(Extracted records)
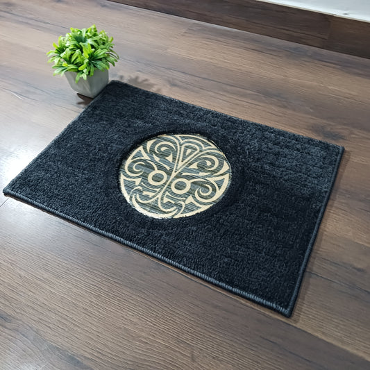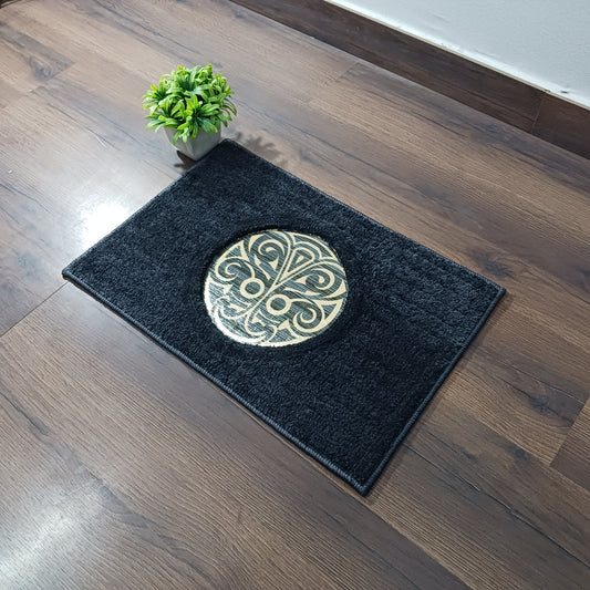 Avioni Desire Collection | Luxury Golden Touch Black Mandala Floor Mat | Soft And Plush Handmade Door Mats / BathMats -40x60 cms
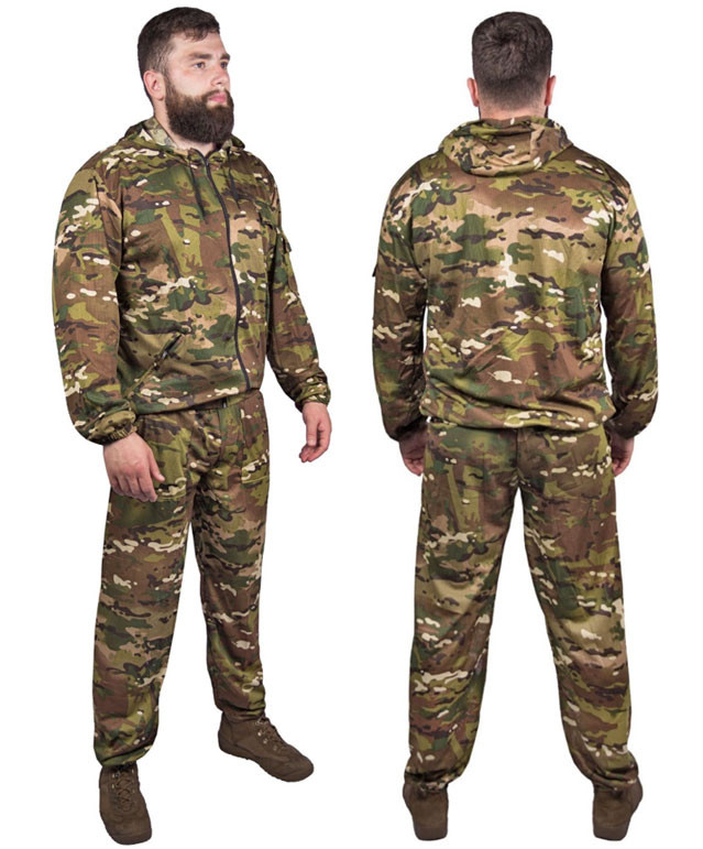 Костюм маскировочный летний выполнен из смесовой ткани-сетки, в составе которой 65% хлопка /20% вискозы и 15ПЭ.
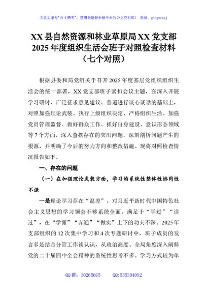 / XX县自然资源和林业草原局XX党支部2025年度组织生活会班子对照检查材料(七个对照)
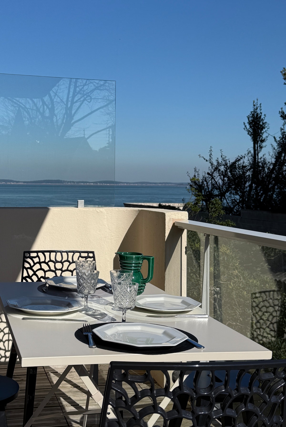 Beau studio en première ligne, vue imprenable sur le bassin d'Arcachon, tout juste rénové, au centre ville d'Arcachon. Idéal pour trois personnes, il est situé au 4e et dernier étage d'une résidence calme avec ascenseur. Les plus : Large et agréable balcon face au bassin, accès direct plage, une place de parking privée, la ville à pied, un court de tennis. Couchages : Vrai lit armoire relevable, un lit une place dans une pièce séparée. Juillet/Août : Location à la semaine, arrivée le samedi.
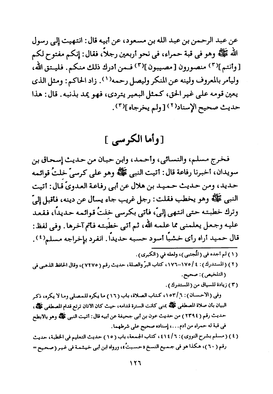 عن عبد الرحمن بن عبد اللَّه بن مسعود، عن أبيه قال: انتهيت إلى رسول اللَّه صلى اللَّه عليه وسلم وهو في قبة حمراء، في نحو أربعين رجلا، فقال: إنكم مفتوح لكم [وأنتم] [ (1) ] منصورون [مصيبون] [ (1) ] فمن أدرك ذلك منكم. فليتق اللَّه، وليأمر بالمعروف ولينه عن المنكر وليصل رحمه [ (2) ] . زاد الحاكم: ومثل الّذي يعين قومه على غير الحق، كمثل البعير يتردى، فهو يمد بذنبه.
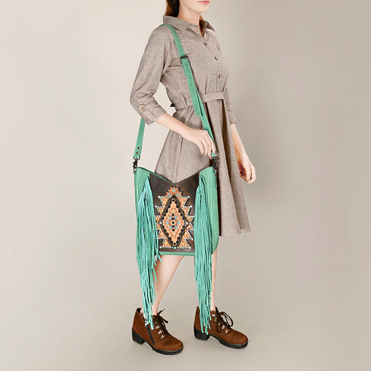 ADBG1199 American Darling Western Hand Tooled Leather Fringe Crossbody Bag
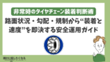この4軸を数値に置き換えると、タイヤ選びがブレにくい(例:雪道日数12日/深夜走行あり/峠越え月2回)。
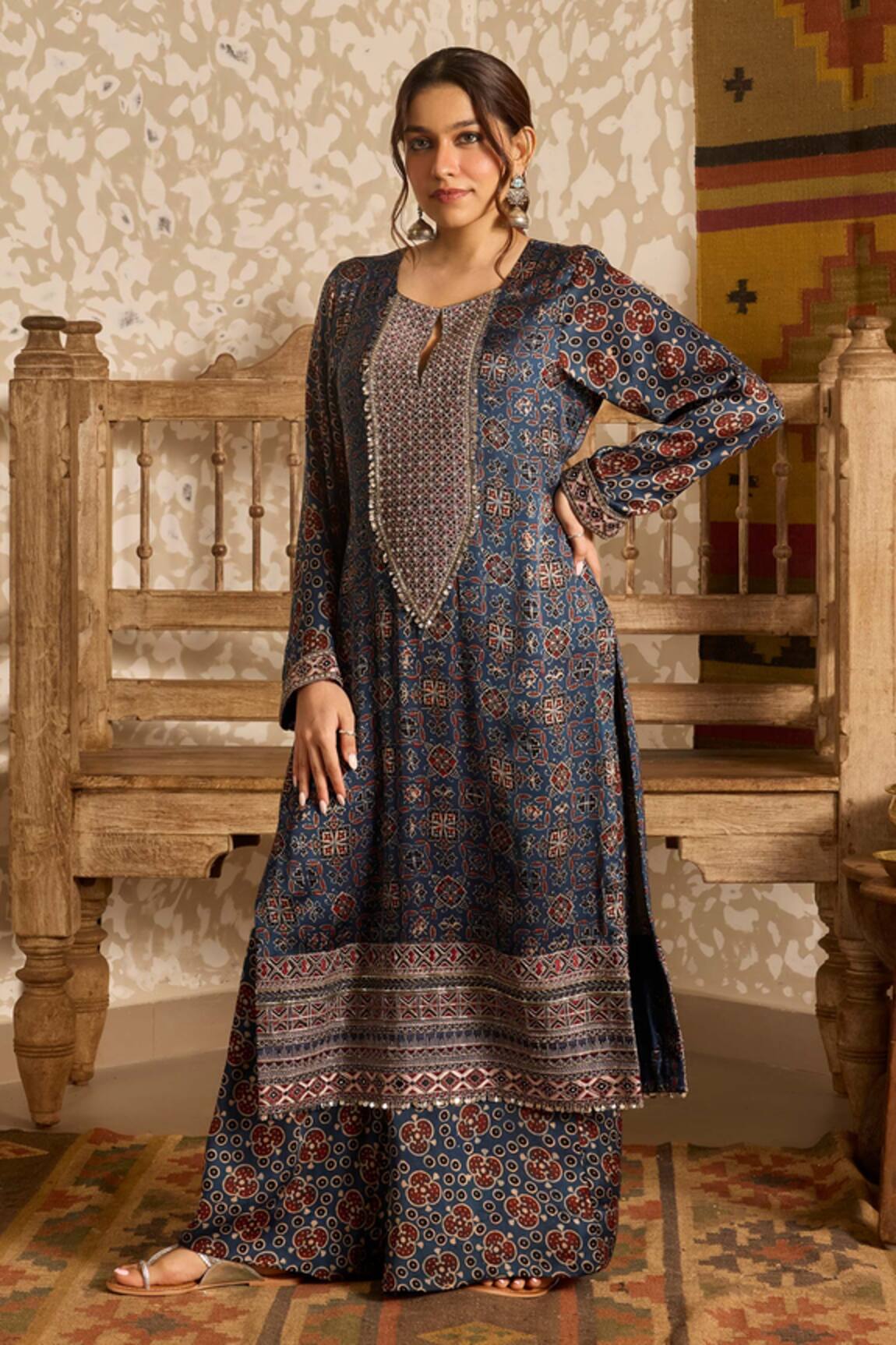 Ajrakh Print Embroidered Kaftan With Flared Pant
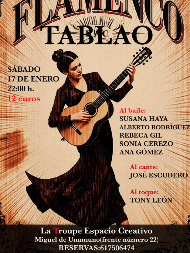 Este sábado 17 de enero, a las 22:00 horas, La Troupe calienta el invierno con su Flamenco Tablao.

Work order: Your task is to reproduce exactly the lines from the start of the data above through the line containing "Костюм маскировочный летний", leaving every picture out.

Reply:
 Avioni Desire Collection | Luxury Golden Touch Black Mandala Floor Mat | Soft And Plush Handmade Door Mats / BathMats -40x60 cms
 Костюм маскировочный летний выполнен из смесовой ткани-сетки, в составе которой 65% хлопка /20% вискозы и 15ПЭ.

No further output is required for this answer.